- Opening Delimiter -

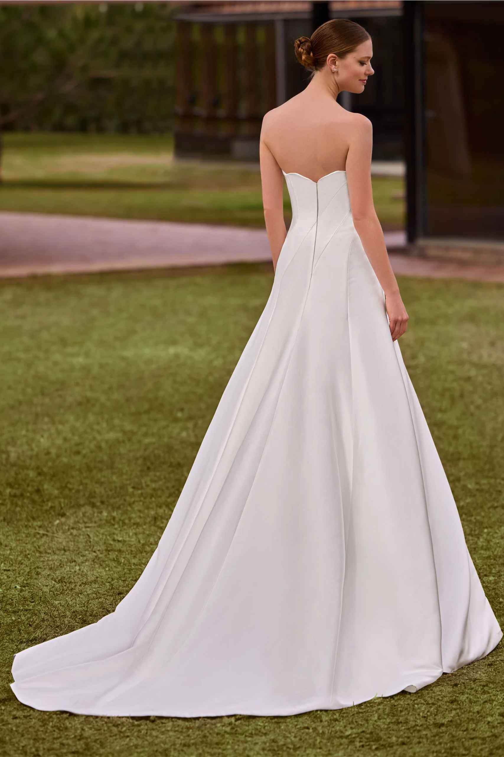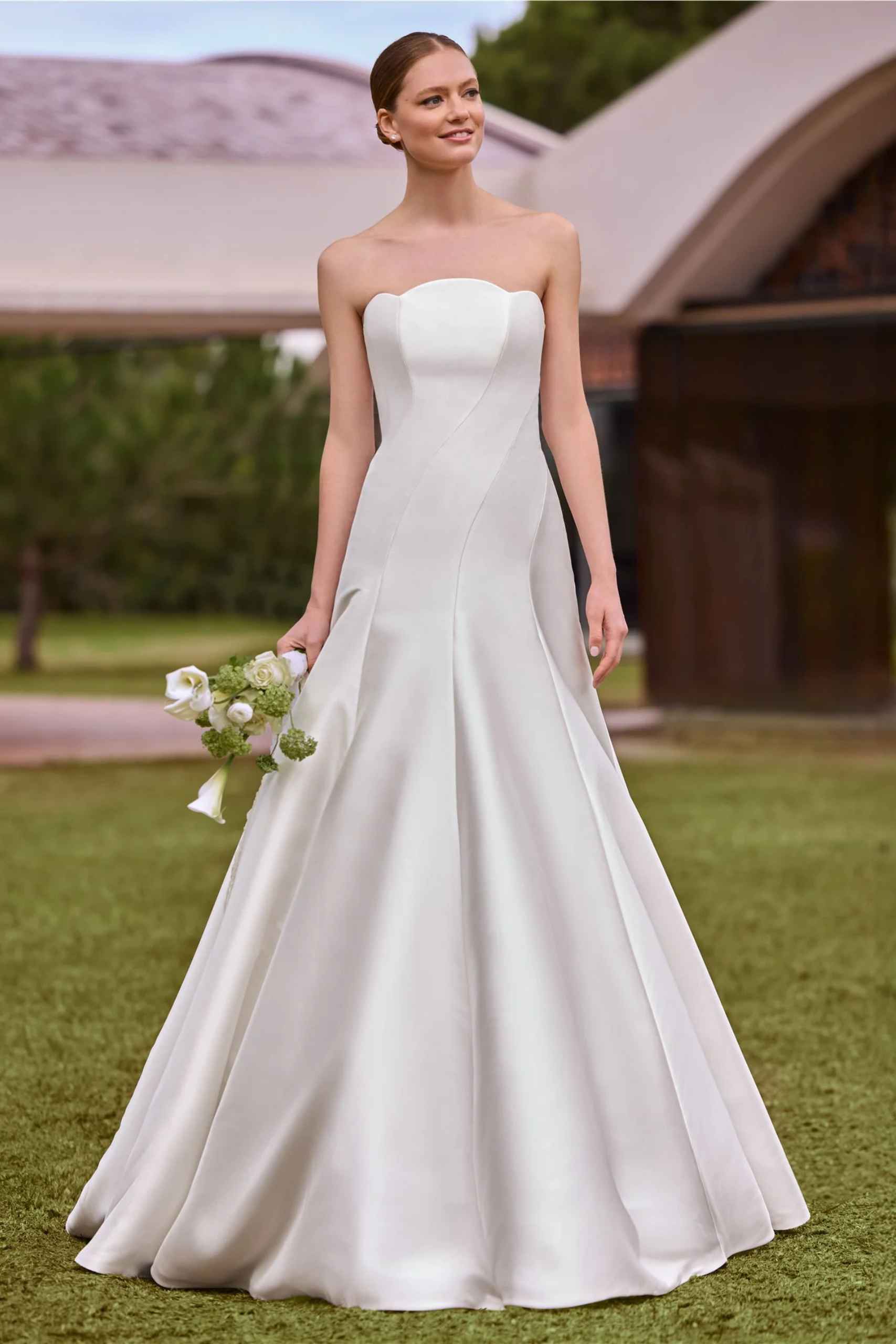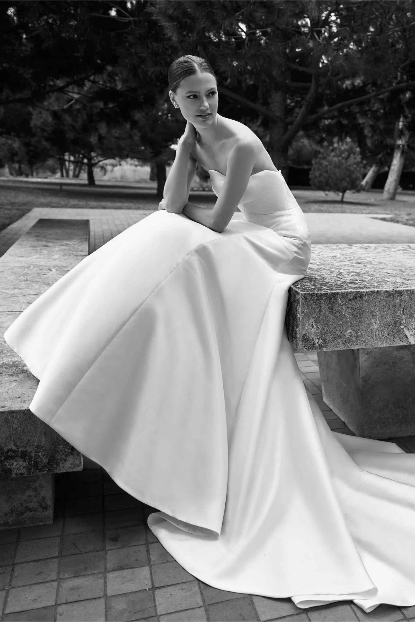 Izrađena od glamuroznog mikada, ova vjenčanica sirena kroja bez naramenica, ističe se zaobljenim šavovima koji naglašavaju konstrukciju i oblik siluete, dok voluminozna suknja dodaje dinamiku i raskoš. Silueta je istovremeno strukturirana i lepršava, savršena za mladenku koja traži sofisticiranost i bezvremensku eleganciju.
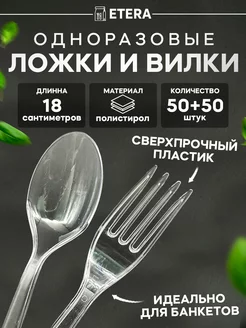 Набор одноразовой пластиковой посуды вилка, ложка 100 шт
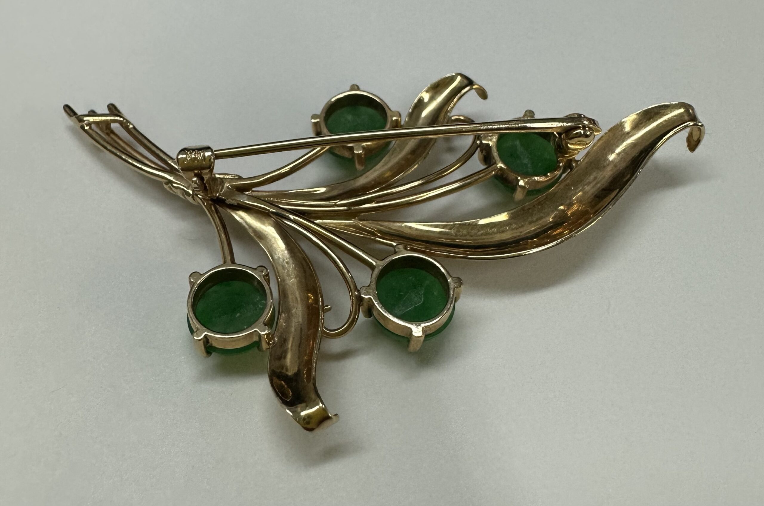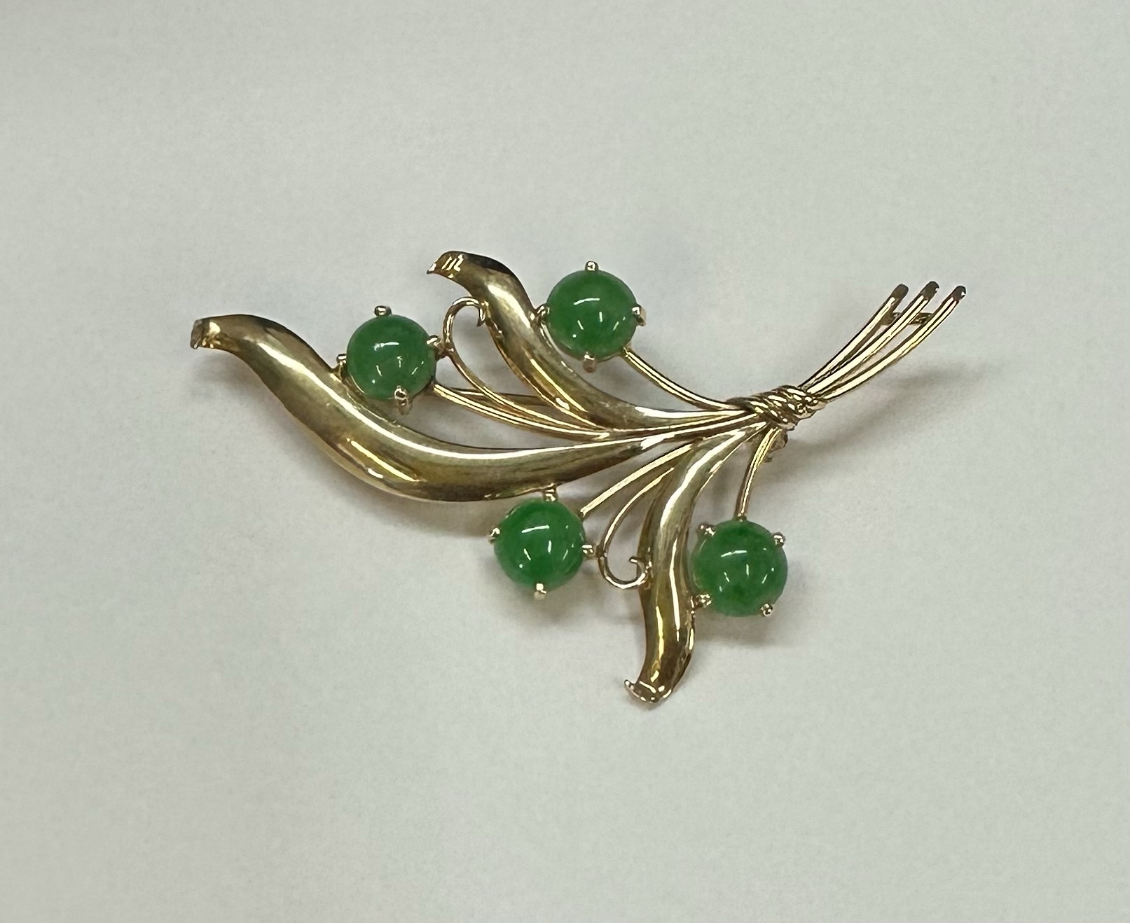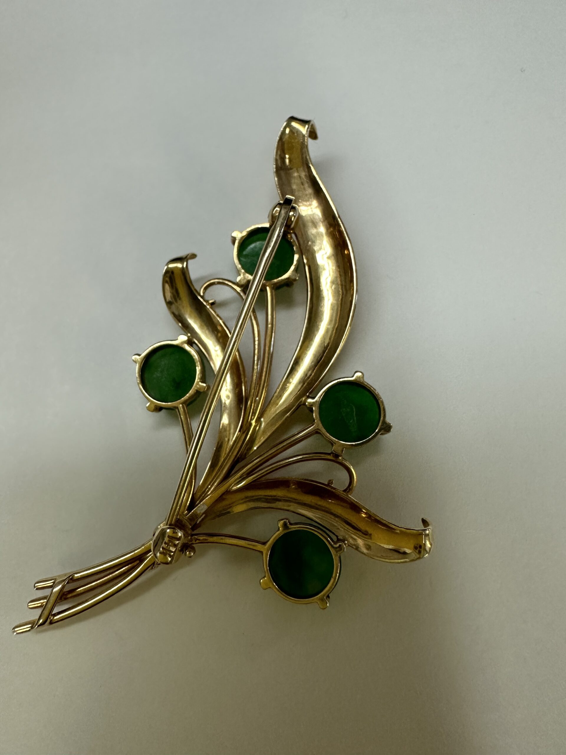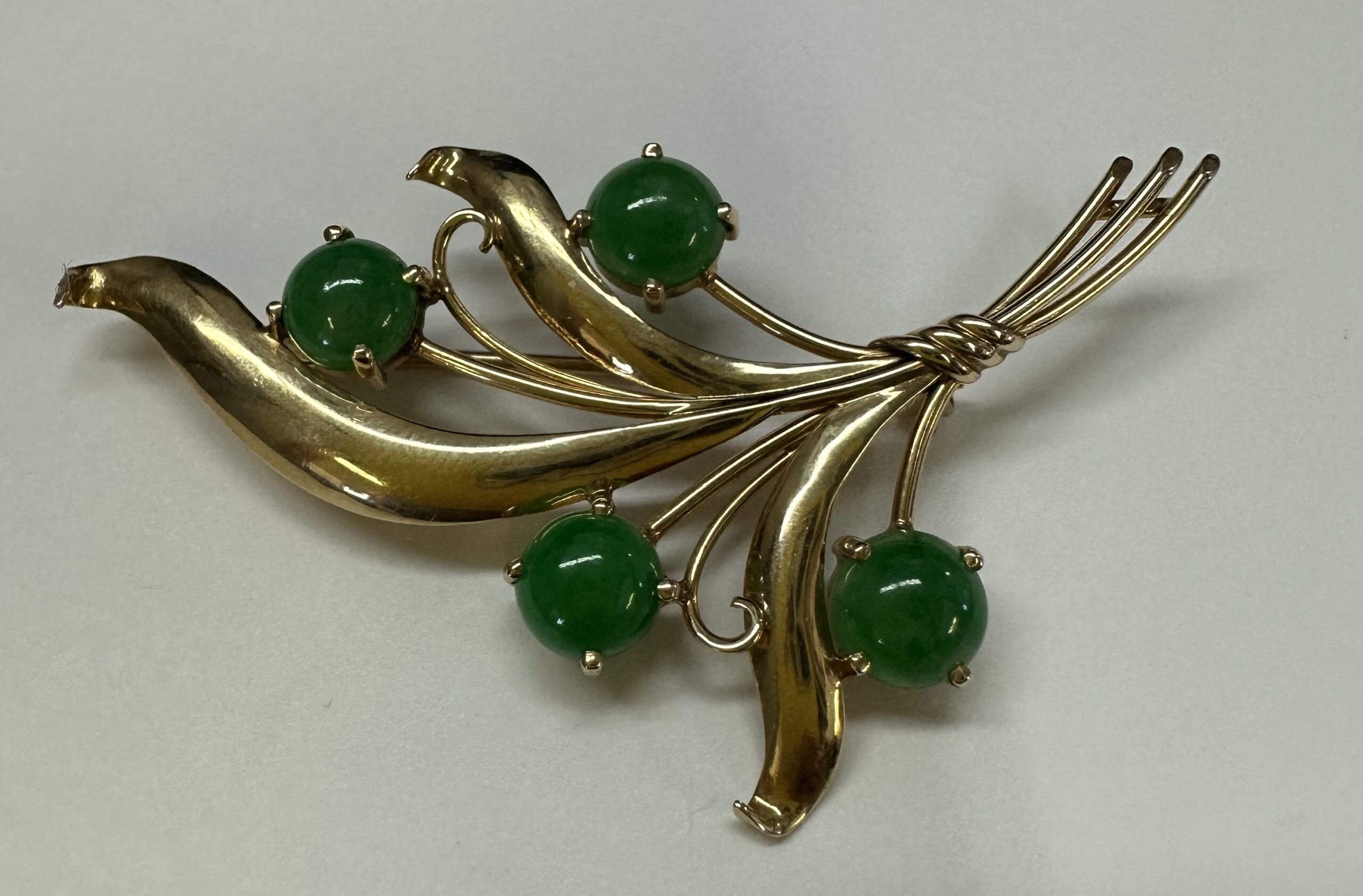 Vintage 14k yellow gold Jadeite brooch of a spray motif, consisting of four 6 mm round genuine Jadeite gemstones. This brooch has an entire weight of 5.6 grams. This brooch measures 2.5″ in length and approximately 1″ in width.

- Closing Delimiter -

Quote everything in the listing above exactly; pictures are the only thing to omit.

 Izrađena od glamuroznog mikada, ova vjenčanica sirena kroja bez naramenica, ističe se zaobljenim šavovima koji naglašavaju konstrukciju i oblik siluete, dok voluminozna suknja dodaje dinamiku i raskoš. Silueta je istovremeno strukturirana i lepršava, savršena za mladenku koja traži sofisticiranost i bezvremensku eleganciju.
 Набор одноразовой пластиковой посуды вилка, ложка 100 шт
 Vintage 14k yellow gold Jadeite brooch of a spray motif, consisting of four 6 mm round genuine Jadeite gemstones. This brooch has an entire weight of 5.6 grams. This brooch measures 2.5″ in length and approximately 1″ in width.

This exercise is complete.